Google Is Conducting a Secret “Performance Review” of Its Censored China Search Project

March 27th, 2019

Via: The Intercept:

Google executives are carrying out a secret internal assessment of work on a censored search engine for China, The Intercept has learned.

A small group of top managers at the internet giant are conducting a “performance review” of the controversial effort to build the search platform, known as Dragonfly, which was designed to blacklist information about human rights, democracy, religion, and peaceful protest.

Performance reviews at Google are undertaken annually to evaluate employees’ output and development. They are usually carried out in an open, peer review-style process: Workers grade each other’s projects and the results are then assessed by management, who can reward employees with promotion if they are deemed ready to progress at the company.

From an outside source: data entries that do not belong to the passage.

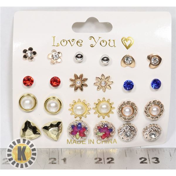 NEW 12PC STUD EARRING SET INCLUDES HEARTS+FLOWERS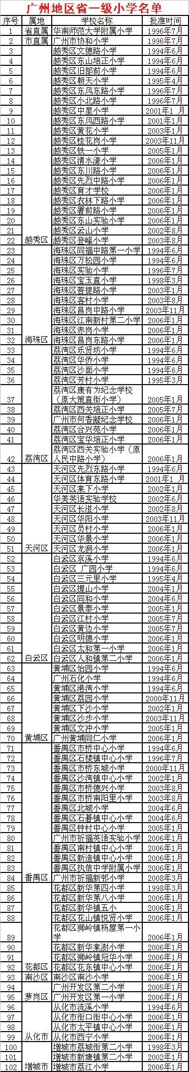广州有102家“省一级小学”,这些学校一般是在2006年之前评选的。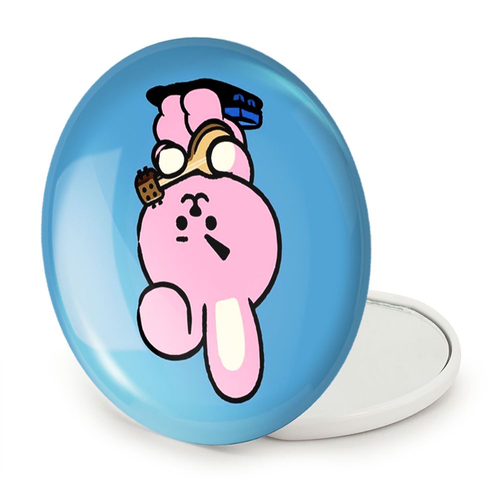 آینه های تاشو کوکی BT21 Cooky خندالو، از جنس پلاستیک فشرده ABS تولید شده و به رنگ سفید می باشد. یکی از آینه ها ابعاد واقعی را نشان داده و دیگری با قابلیت بزرگنمایی، جزئیات را بهتر نمایش می دهد.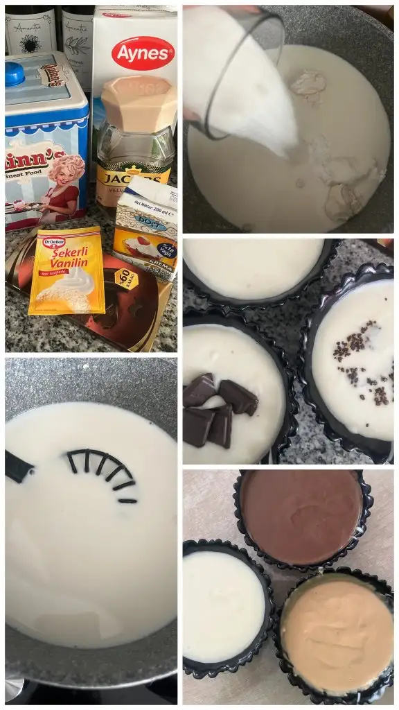 Sütü,şekeri,nişastayı ,unu tencereye alıp kaynatıyoruz.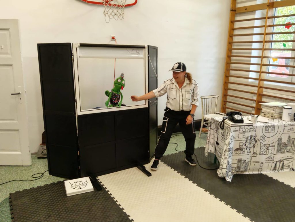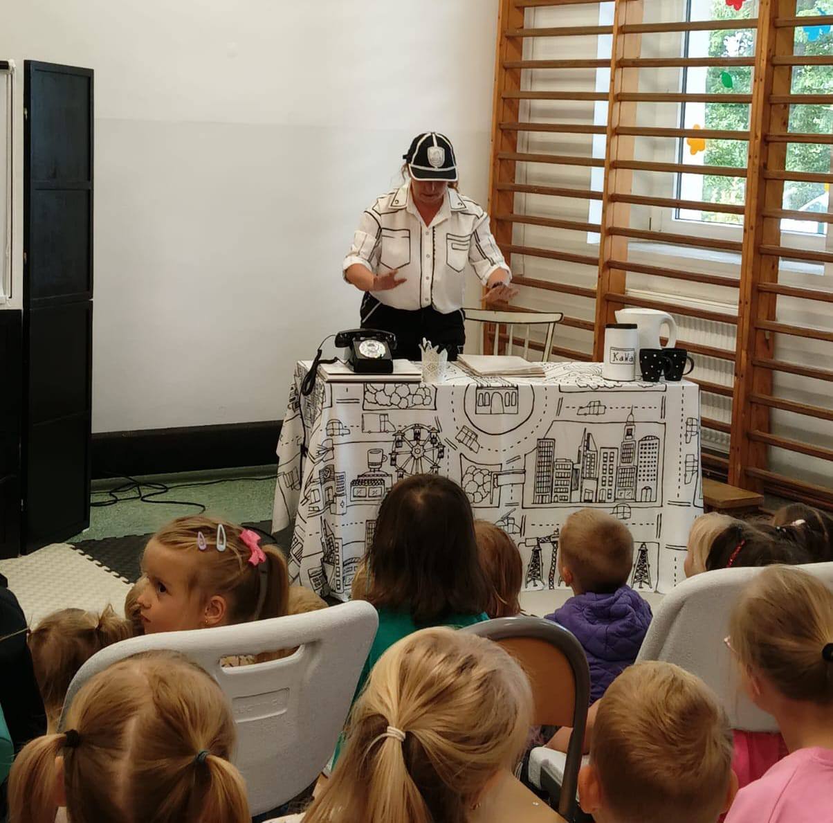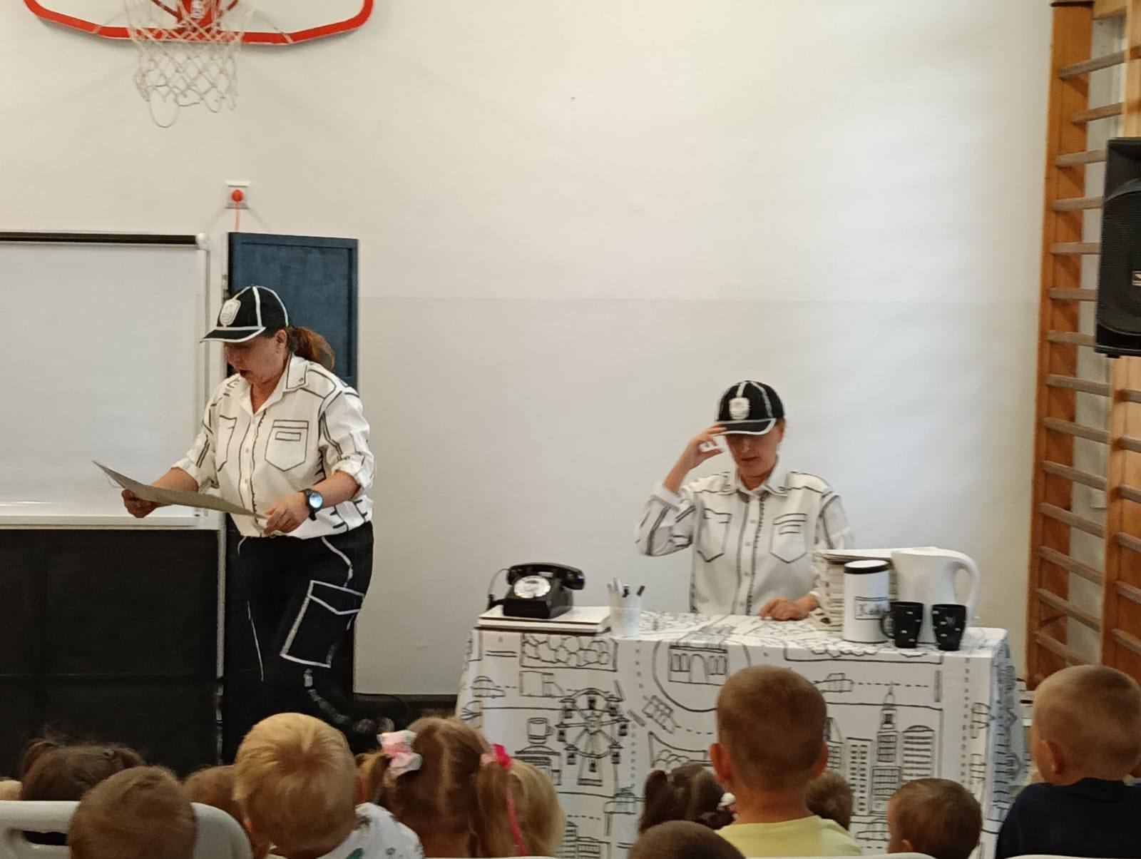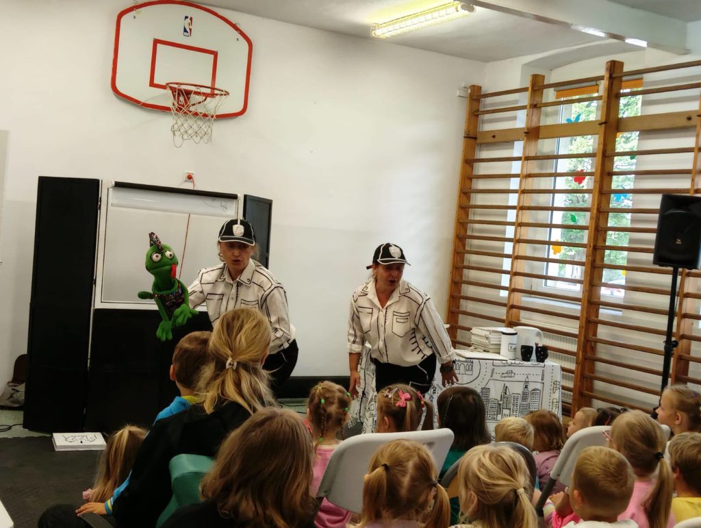 10 września przedszkolaki oraz uczniowie klas I- III obejrzeli spektakl edukacyjny ” Śledztwo w miejskiej dżungli”. Przedstawienie poruszało temat bezpieczeństwa ruchu drogowego jego najmłodszych uczestników. Dzięki atrakcyjnej formie i interakcjom dzieci poznały i utrwaliły pożądane zachowania w sytuacjach drogowych.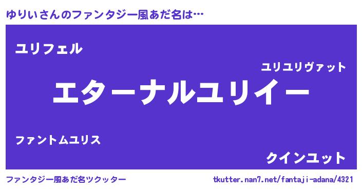 | 意味不明あだ名 | 『ゆりいフォーエバー』『ペロリンゆりい』 |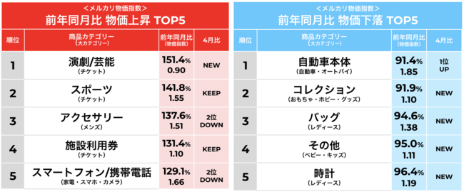 <メルカリ物価・数量指数からわかる5月トレンド通信>「リベンジ消費」の拡大でコロナ前の水準に消費が回復。「演劇/芸能(チケット)」が物価上昇1位となり、前年同月比約1.5倍増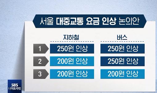 서울 지하철 버스요금 인상>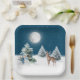 Schneemann und Hirsch im Schneeflocken Pappteller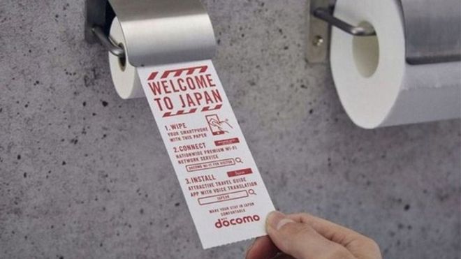 Được tài trợ bởi tập đoàn điện thoại di động khổng lồ của Nhật Bản có tên NTT Docomo, loại giấy vệ sinh này có in các thông tin về mạng wifi công cộng, cũng như các phần mềm ứng dụng cho điện thoại liên quan đến việc đi lại của công ty.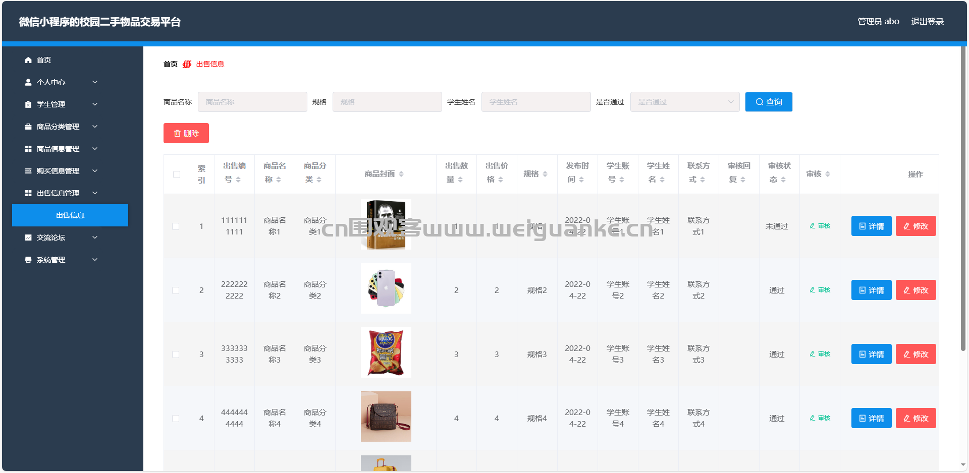 6.出售信息管理:查看、编辑、删除出售信息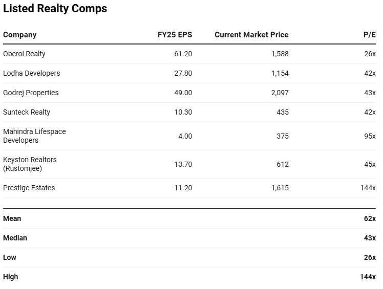 | Kolte-Patil | ~4,950 | ~0.3x | ~18% | ~0.8x |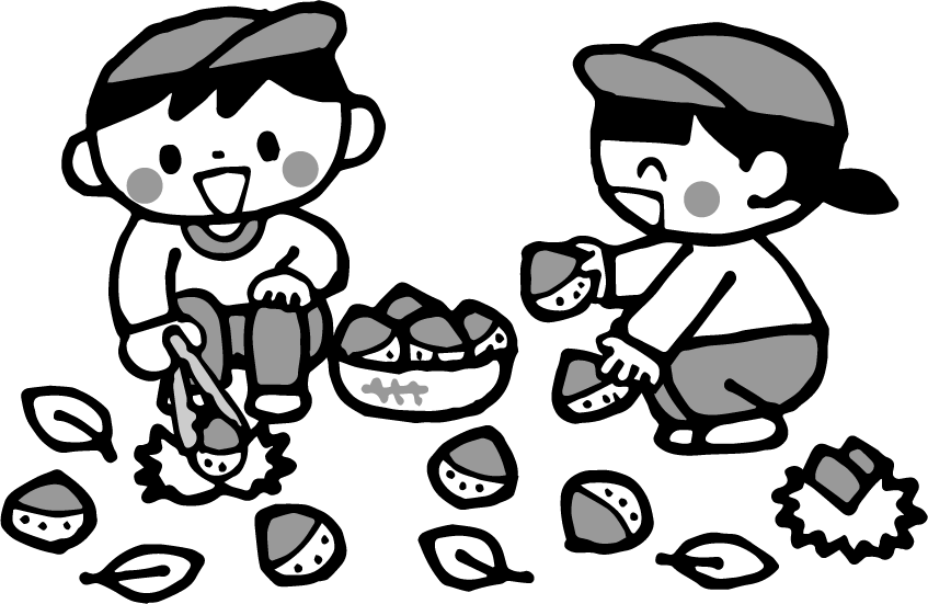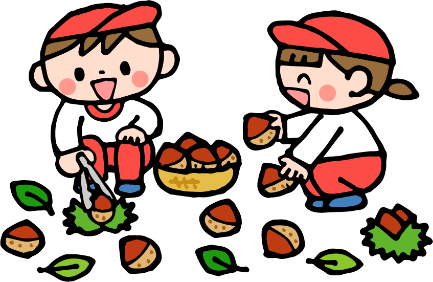 栗拾い 栗 くり クリ 果物 フルーツ 食べ物 園児 体操服 男の子 女の子 葉 葉っぱ 遠足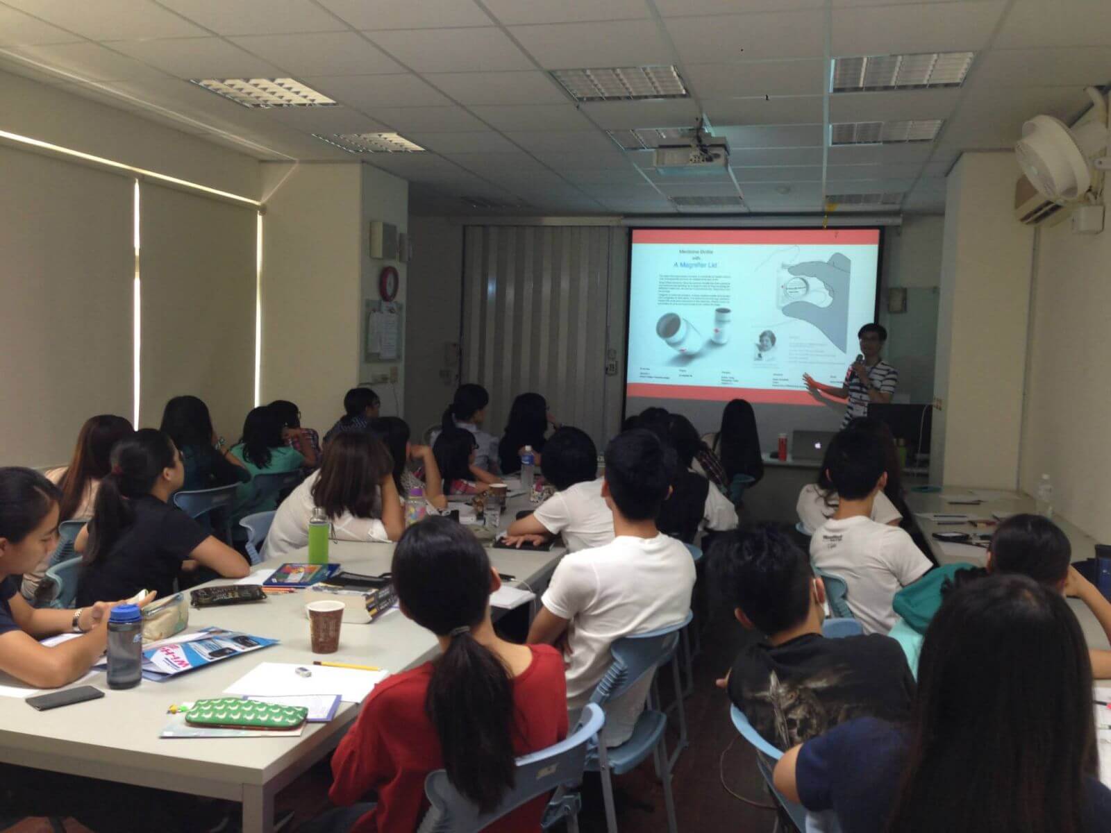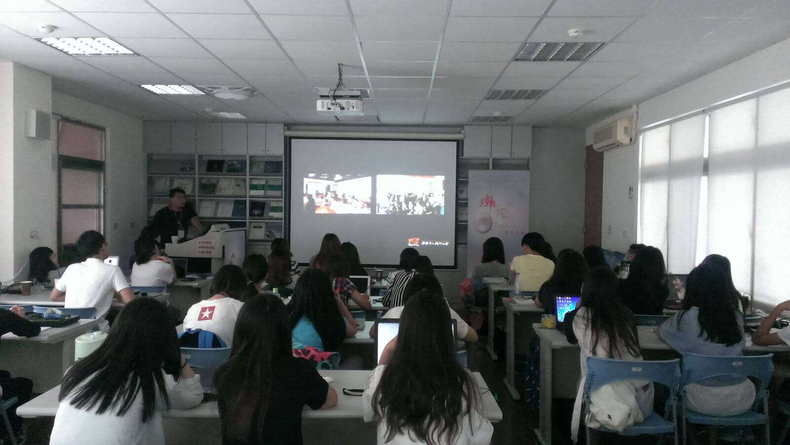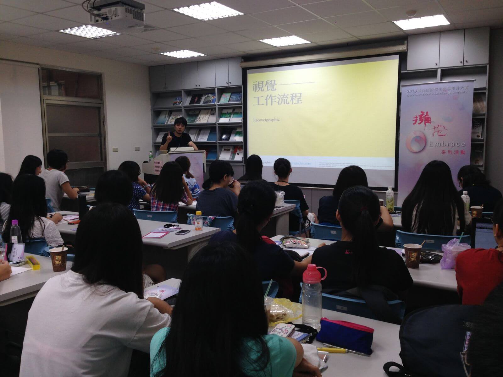 首先由看見臺灣基金會翁瑞祐專案經理向同學介紹基金會及廠商指定類之訴求,接著由楊佳璋老師(樺致形象設計有限公司創意總監)及廖韡老師(國立臺灣師範大學設計系講師)分別擔任工作坊第一天和第二天講師,與同學分享難得的設計實務、企劃、製作等流程。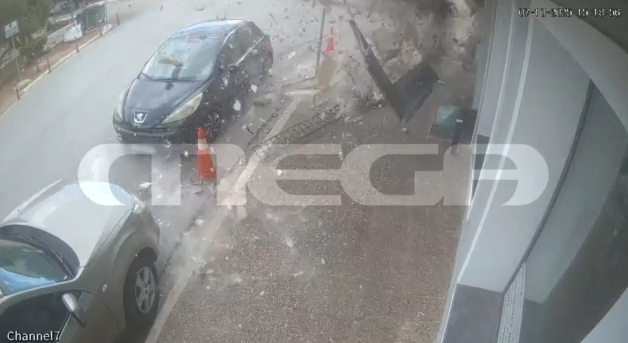Οι τόνοι τσιμέντου καταστρέφουν ολοσχερώς τέσσερα από τα σταθμευμένα οχήματα, μπροστά από το φαρμακείο.
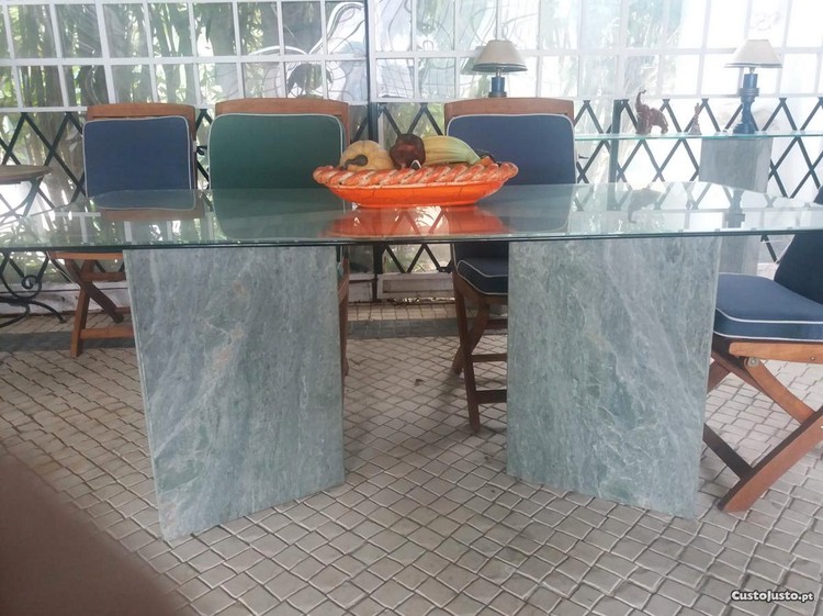 Mesa com suportes (pés) em pedra mármore verde e tampo de vidro de 1,80 m x 0,90 cm, com bisel .

In the case of Dragonfly, however, the peer review aspect has been removed, subverting the normal procedure. In a move described as highly unusual by two Google sources, executives set up a separate group of closed “review committees,” comprised of senior managers who had all previously been briefed about the China search engine.

The existence of the Dragonfly review committees has not been disclosed to rank-and-file Google employees, except for the few who have been evaluated by the committees because they worked on China search. Fewer than a dozen top managers at the company are said to be looped in on the review, which has involved studying documents and technical work related to Dragonfly.